Gillibrand also said the agreement is a “missed opportunity” to address threats from climate change.

“It fails to close loopholes for corporate polluters or set binding, enforceable standards to protect clean air and water.”


In a statement Thursday, Schumer said the USMCA does have good labor provisions, but that it does not address climate change, “the greatest threat facing the planet.”

“Instead of advancing global climate security by outlining binding and enforceable climate commitments from all three countries, the Trump administration provides significant incentives for manufacturers to move their business and their jobs from the U.S. to Mexico, where clean air and clean water regulations are much weaker,” Schumer said.

“Meanwhile, the Trump administration also included handouts for the oil and gas industry, such as lifting tariffs on tar sands, and refused to include any mention of the climate crisis in the agreement. When it comes to climate change, the agreement still contains many of the same flaws of the original NAFTA, which I voted against.”

Schumer commended the officials who made important improvements to USMCA with regard to workers’ rights, and said he fought to make sure New York’s dairy producers would benefit from it.

“But on the greatest issue facing our planet, addressing the climate crisis, the USMCA falls far too short.”

New York State GOP Chair Nick Langworthy said in a statement that the senators had voted to hurt the people they were supposed to represent, calling their no votes a slap in the face to the New Yorkers who stand to benefit from the deal.

“New Yorkers should never forget this dereliction of duty.”

Duty-free essential

Stefanik’s predecessor, Plattsburgh attorney Bill Owens, told the Press-Republican he would have voted in favor of the USMCA, were he in Schumer or Gillibrand’s position.

“The key from my perspective is the stability and the essential aspects of NAFTA that are going to stay in place and will continue to foster trade between, obviously the U.S. and Canada, but in particular our area as well.”

The continuation of zero-tariff treatment on goods exchanged between the three countries included in the USMCA was essential, Owens said.

“If you started applying duties at the U.S.-Canada and the U.S.-Mexican borders, you would alter trade dramatically,” including the supply chain activity fostered by the lack of tariffs.

Owens thinks that, without the policy, far fewer Canadian companies would create subsidiaries in the area.

“It would be a much different economic environment.

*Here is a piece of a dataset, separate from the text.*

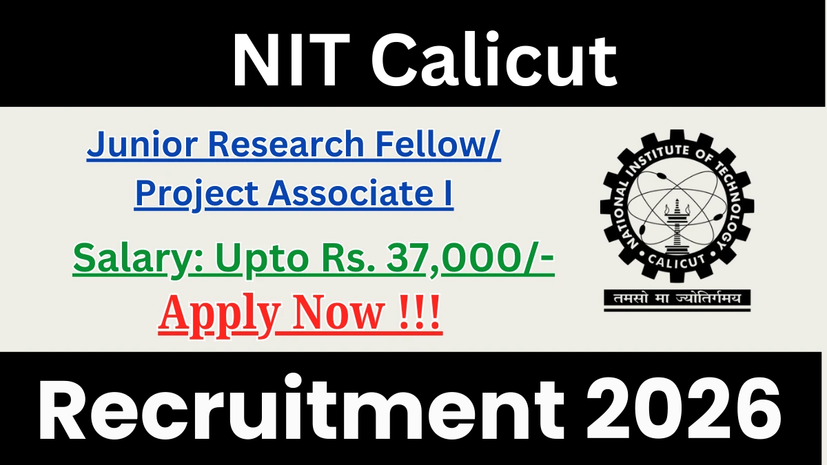 National Institute of Technology Calicut (NIT Calicut) has released an official notification for the recruitment of 0I Junior Research Fellow/ Project Associate I Posts. Interested and eligible candidates can apply Offline through the official NIT Calicut website. The last date to submit the application form is 03-02-2026. In this article, you’ll find the NIT Calicut Junior Research Fellow/ Project Associate I Posts recruitment details, including eligibility criteria, age limit, salary structure, selection process, application steps, and direct links to the official notification and Offline application form.

It would not be as healthy.”

More competitive

According to the U.S. Department of Agriculture, under the USMCA, U.S. dairy farmers will be more competitive in Canada, which agreed to eliminate Class 6 and 7 milk pricing programs “that allowed their farmers to undersell U.S. producers.”

Additionally, U.S. poultry producers will have expanded access to Canada’s poultry and egg markets, the USDA said.

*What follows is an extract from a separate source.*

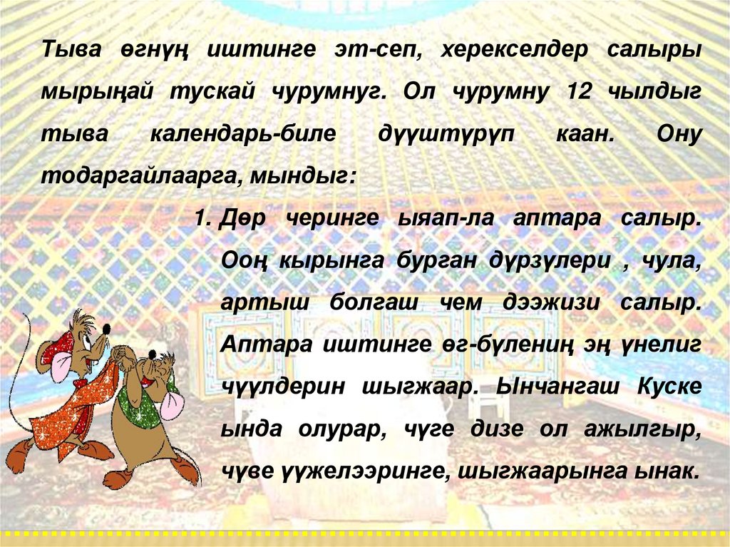 2. ӨГНҮҢ ИШТИ ТЫВА КАЛЕНДАРГА ДҮҮШКЕК. ДӨР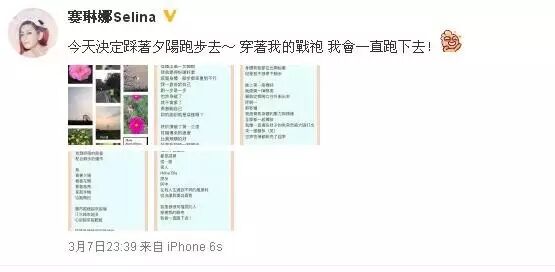 Selina喜欢跑步。记得去年看她生平第一次跑半马的新闻,大方露出自己身上的疤痕,高举双手冲向终点,见到终点的阿中,一下子瘫到他怀里。感动了所有人。

U.S. Secretary of Agriculture Sonny Perdue said the Senate’s vote was great news for the country’s farmers and ranchers.

“With Congressional consideration now complete, our farmers and ranchers are eager to see the president sign this legislation and begin reaping the benefits of this critical agreement.”


Agribusiness organizations offered much praise for the deal’s passage.

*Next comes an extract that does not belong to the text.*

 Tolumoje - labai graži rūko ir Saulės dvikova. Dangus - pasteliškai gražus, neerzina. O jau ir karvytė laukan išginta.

“The northeastern agricultural industry, particularly the dairy industry, will benefit from a more balanced trading relationship with Canada and Mexico,” Northeast Agribusiness and Feed Alliance President John Clark said in a statement.

New York Farm Bureau President David Fisher said nearly half of the state’s agricultural exports go to Mexico and Canada, “providing vital market opportunities that will remain open thanks to USMCA.”

“The certainty that this agreement provides to farmers,” Fisher continued, “plus the potential for expected growth for our dairy farms, are reasons to commend lawmakers for getting the job done in a strong bipartisan fashion.”